[Start of section]

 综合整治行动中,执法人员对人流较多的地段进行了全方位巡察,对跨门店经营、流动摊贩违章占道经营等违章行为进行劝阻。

[End of section]
[Start of section]

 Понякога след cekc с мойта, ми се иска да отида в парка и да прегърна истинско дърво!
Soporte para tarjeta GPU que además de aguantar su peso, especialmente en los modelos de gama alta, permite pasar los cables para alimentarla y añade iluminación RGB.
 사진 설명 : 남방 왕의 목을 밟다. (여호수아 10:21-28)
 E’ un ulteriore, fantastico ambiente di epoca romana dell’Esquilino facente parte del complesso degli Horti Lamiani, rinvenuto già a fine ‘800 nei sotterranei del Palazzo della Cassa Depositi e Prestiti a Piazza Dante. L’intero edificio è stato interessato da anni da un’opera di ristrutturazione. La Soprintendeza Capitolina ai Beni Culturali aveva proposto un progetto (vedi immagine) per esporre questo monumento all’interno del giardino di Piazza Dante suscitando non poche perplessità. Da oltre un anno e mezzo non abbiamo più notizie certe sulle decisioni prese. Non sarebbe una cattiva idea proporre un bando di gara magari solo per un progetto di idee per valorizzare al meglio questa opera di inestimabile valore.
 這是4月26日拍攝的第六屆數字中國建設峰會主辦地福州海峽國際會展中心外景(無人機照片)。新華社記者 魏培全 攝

[End of section]

**WHAT THE TASK REQUIRES**: Beginning at the line with "Soporte para tarjeta" and ending at the line with "사진 설명 : 남방 왕의 목을 밟다. (여호수아 10:21-28)", reproduce each line of the data above exactly, and add no other lines.

**SOLUTION TO THIS TASK**:
Soporte para tarjeta GPU que además de aguantar su peso, especialmente en los modelos de gama alta, permite pasar los cables para alimentarla y añade iluminación RGB.
 사진 설명 : 남방 왕의 목을 밟다. (여호수아 10:21-28)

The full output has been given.